(Task inputs)

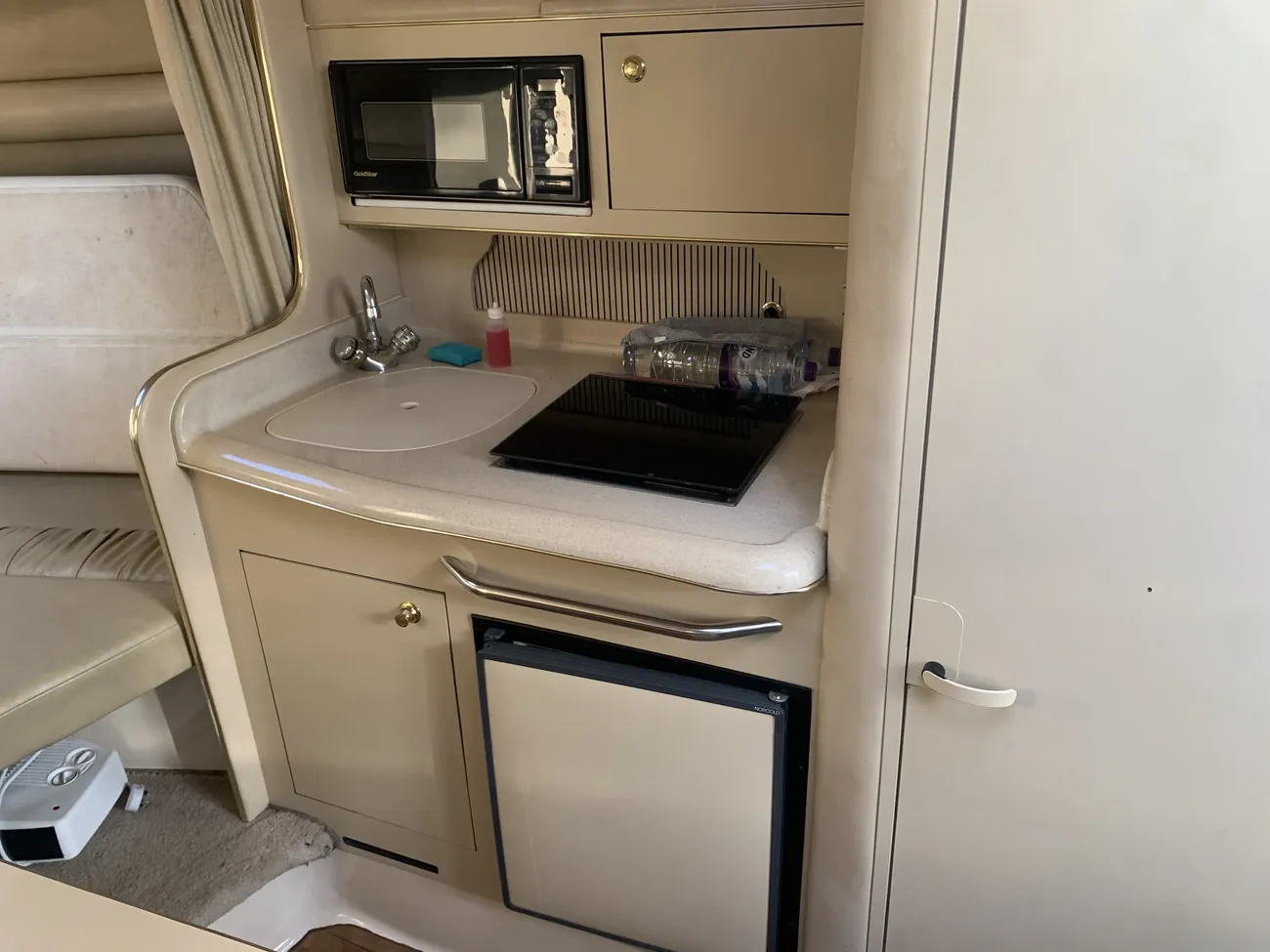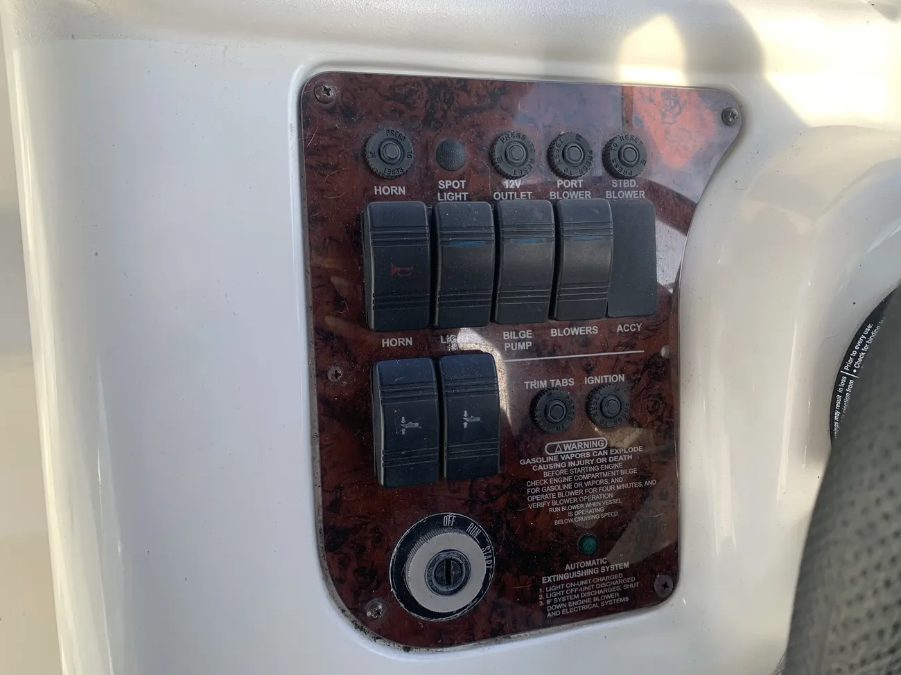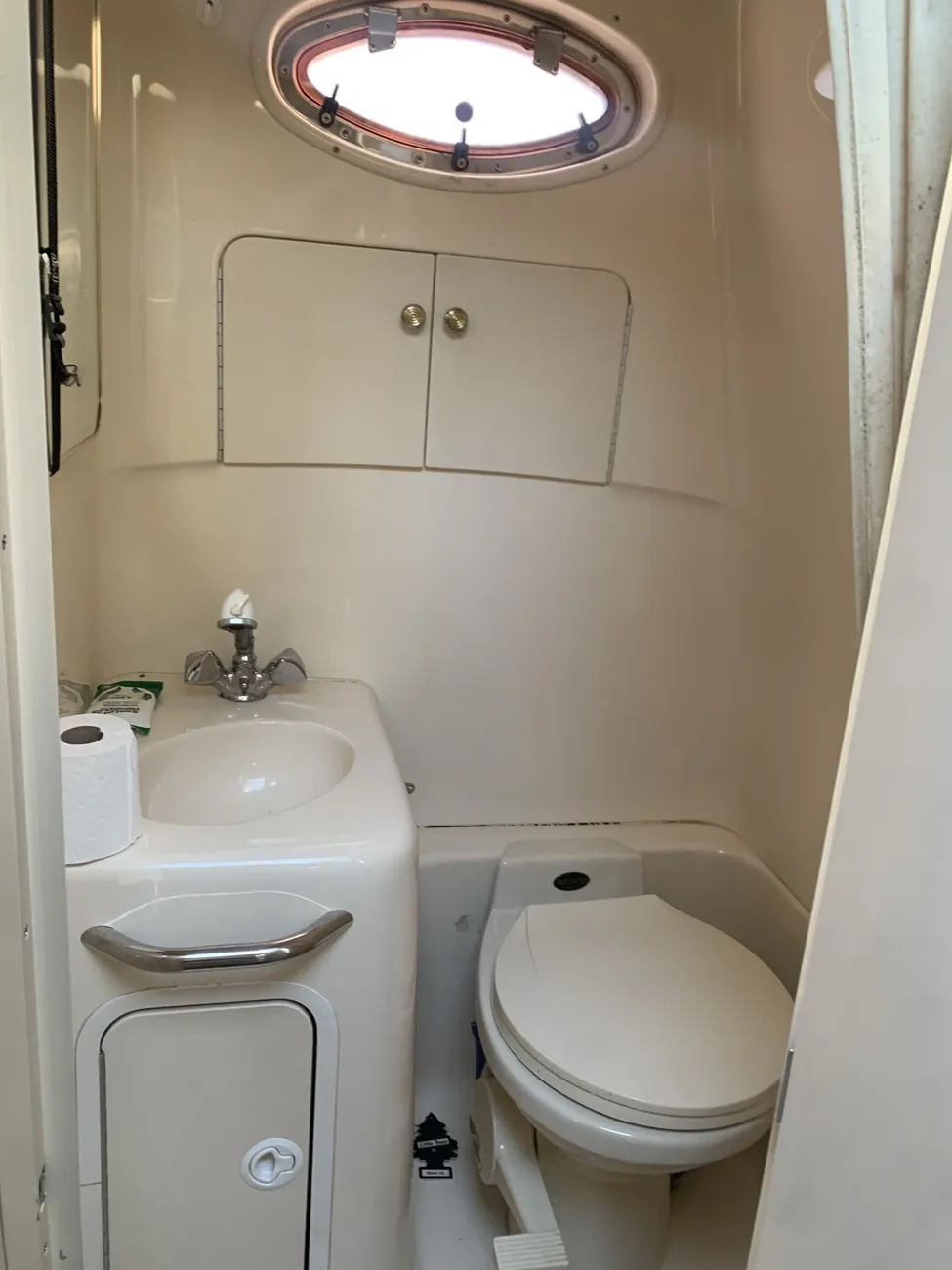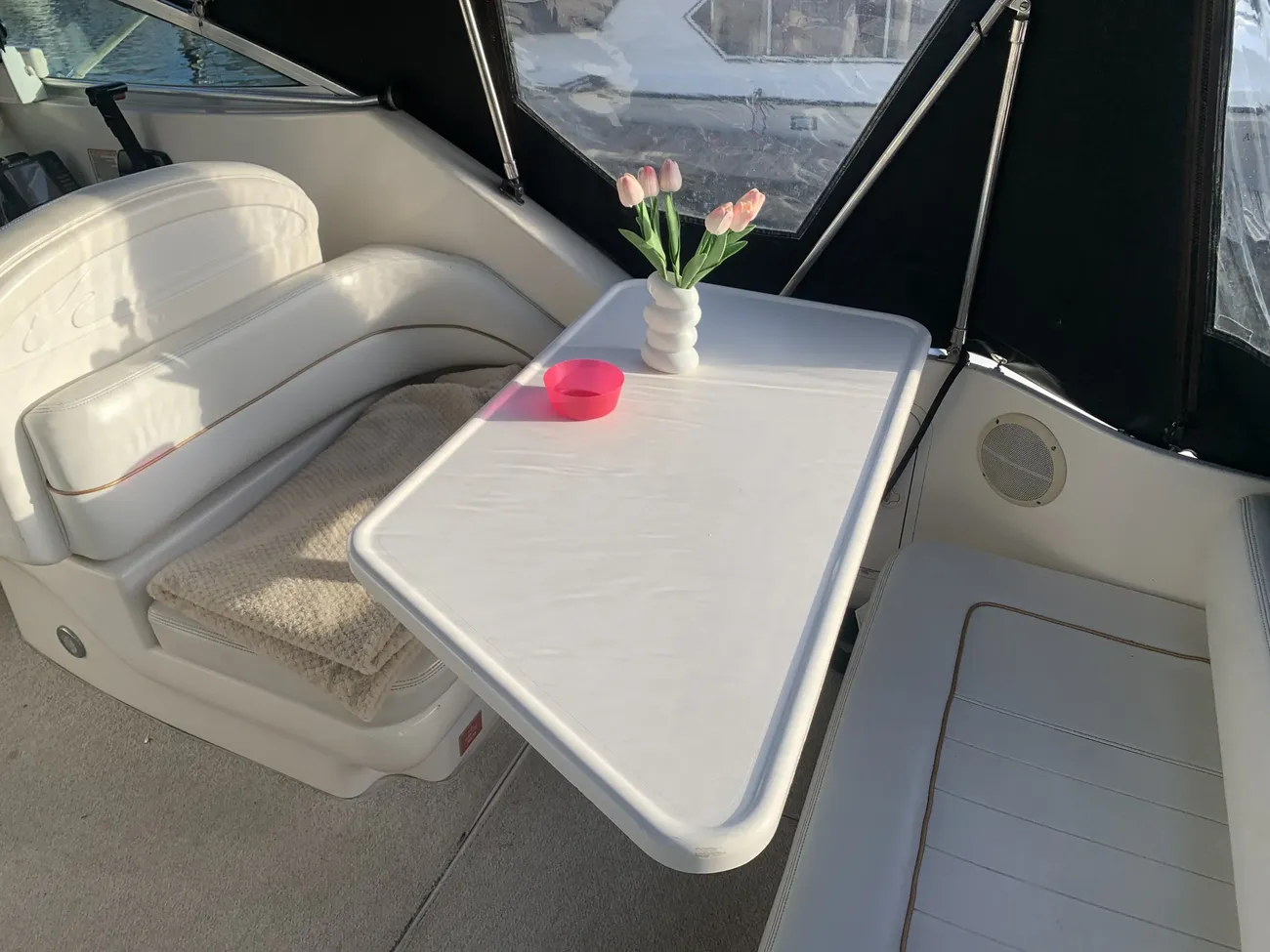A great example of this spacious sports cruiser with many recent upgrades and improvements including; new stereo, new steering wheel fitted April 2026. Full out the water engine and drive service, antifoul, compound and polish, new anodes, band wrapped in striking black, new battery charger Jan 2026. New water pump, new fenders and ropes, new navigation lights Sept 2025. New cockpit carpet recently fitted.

(End Task inputs)
(Task inputs)

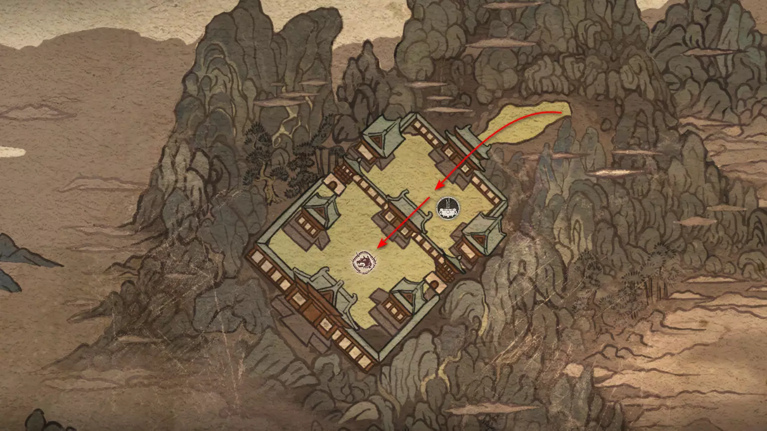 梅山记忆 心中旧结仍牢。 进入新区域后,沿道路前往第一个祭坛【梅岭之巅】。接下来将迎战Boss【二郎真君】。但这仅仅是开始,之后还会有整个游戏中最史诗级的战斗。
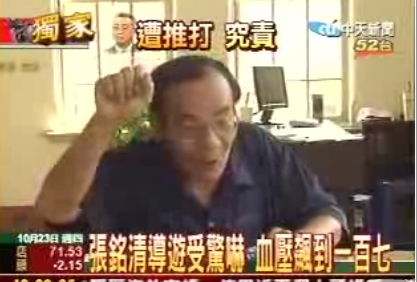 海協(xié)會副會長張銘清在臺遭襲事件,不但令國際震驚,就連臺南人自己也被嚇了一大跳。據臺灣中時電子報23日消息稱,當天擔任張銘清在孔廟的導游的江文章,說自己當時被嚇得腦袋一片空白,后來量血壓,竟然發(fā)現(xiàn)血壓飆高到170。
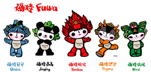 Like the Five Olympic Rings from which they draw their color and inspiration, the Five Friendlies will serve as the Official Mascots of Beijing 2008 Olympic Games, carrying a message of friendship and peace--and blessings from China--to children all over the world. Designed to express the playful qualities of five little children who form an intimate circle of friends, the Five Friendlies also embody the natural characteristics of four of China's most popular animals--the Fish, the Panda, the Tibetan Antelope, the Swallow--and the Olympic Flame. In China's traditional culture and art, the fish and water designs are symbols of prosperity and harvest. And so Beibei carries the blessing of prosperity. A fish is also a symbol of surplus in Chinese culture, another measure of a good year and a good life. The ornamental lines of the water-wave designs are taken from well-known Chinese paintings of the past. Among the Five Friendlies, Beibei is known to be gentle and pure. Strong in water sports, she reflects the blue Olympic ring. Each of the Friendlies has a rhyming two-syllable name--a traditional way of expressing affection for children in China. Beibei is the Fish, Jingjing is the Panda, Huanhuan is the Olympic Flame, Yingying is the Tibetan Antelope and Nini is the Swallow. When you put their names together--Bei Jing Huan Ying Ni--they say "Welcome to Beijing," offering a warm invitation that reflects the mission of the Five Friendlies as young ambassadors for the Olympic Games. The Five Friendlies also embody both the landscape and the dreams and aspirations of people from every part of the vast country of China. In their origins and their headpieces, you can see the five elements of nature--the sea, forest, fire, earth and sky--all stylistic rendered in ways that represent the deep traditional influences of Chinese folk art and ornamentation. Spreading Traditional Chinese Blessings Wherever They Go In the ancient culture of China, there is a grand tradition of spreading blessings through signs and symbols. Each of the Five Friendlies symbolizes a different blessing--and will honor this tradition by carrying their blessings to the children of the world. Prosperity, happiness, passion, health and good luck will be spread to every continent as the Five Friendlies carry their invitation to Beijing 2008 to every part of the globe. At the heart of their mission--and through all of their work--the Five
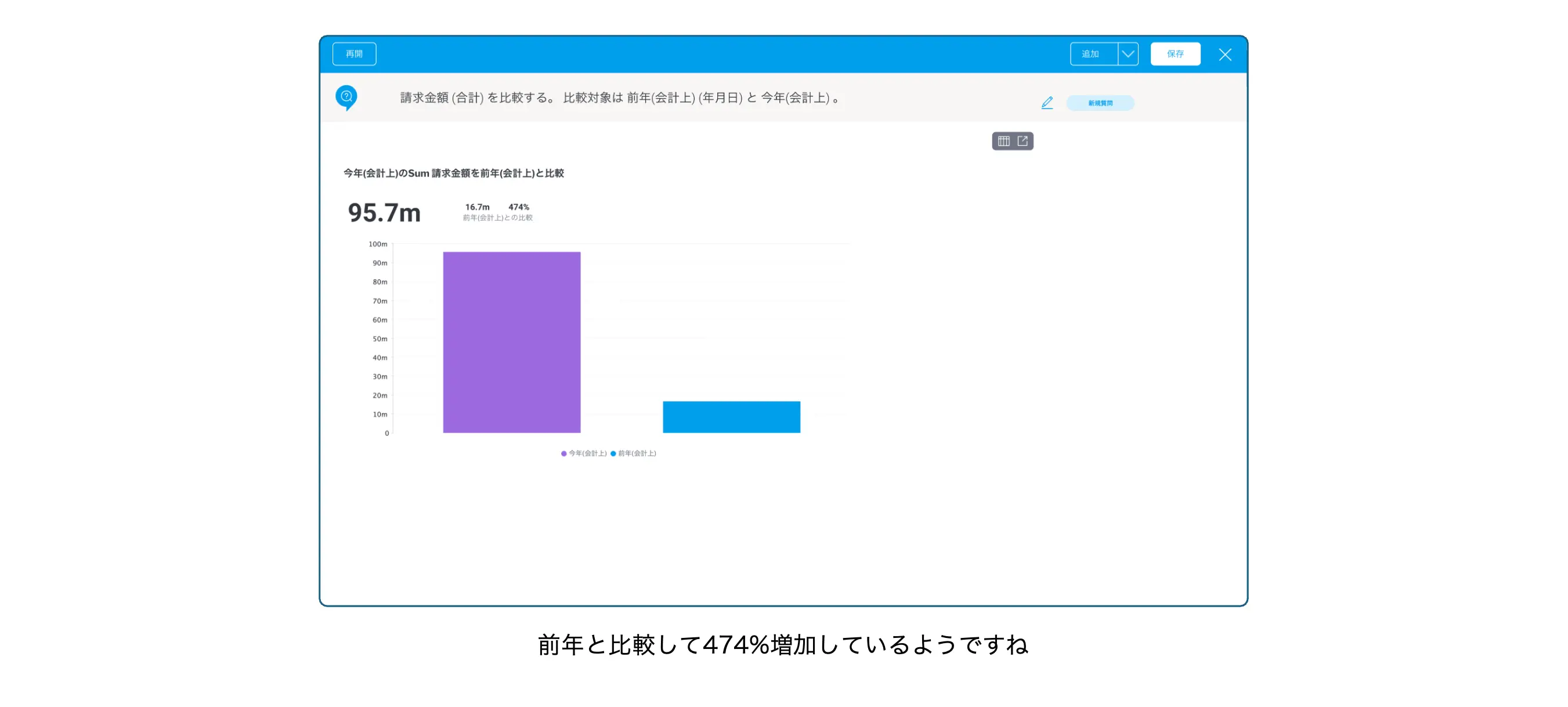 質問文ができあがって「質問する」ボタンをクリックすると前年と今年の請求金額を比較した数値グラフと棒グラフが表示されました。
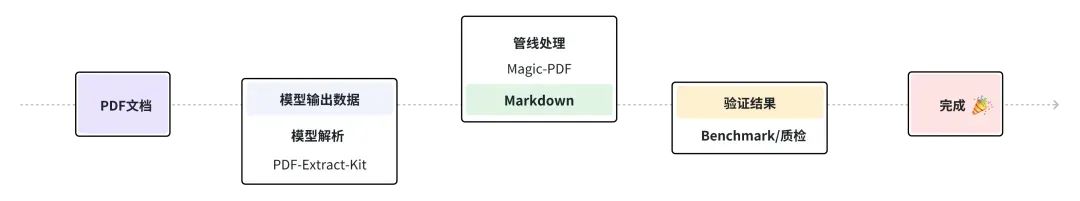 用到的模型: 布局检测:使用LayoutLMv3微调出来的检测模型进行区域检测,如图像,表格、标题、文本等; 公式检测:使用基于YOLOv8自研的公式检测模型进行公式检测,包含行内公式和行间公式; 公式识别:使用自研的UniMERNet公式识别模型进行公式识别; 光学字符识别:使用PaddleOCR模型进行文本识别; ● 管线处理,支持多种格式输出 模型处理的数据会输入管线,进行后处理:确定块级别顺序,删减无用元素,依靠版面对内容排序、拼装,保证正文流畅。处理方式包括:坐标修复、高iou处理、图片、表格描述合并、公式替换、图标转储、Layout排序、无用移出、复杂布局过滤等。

(End Task inputs)

## What needs to be done
Starting at the line above with "質問文ができあがって「質問す", output every line exactly up to and including the line with "公式识别:使用自研的UniMERNet公式识别模型进行公式识别; 光学字符识别:使用PaddleOCR模型进行文本识别; ●", but none of the pictures.

## Your response
 質問文ができあがって「質問する」ボタンをクリックすると前年と今年の請求金額を比較した数値グラフと棒グラフが表示されました。
 用到的模型: 布局检测:使用LayoutLMv3微调出来的检测模型进行区域检测,如图像,表格、标题、文本等; 公式检测:使用基于YOLOv8自研的公式检测模型进行公式检测,包含行内公式和行间公式; 公式识别:使用自研的UniMERNet公式识别模型进行公式识别; 光学字符识别:使用PaddleOCR模型进行文本识别; ● 管线处理,支持多种格式输出 模型处理的数据会输入管线,进行后处理:确定块级别顺序,删减无用元素,依靠版面对内容排序、拼装,保证正文流畅。处理方式包括:坐标修复、高iou处理、图片、表格描述合并、公式替换、图标转储、Layout排序、无用移出、复杂布局过滤等。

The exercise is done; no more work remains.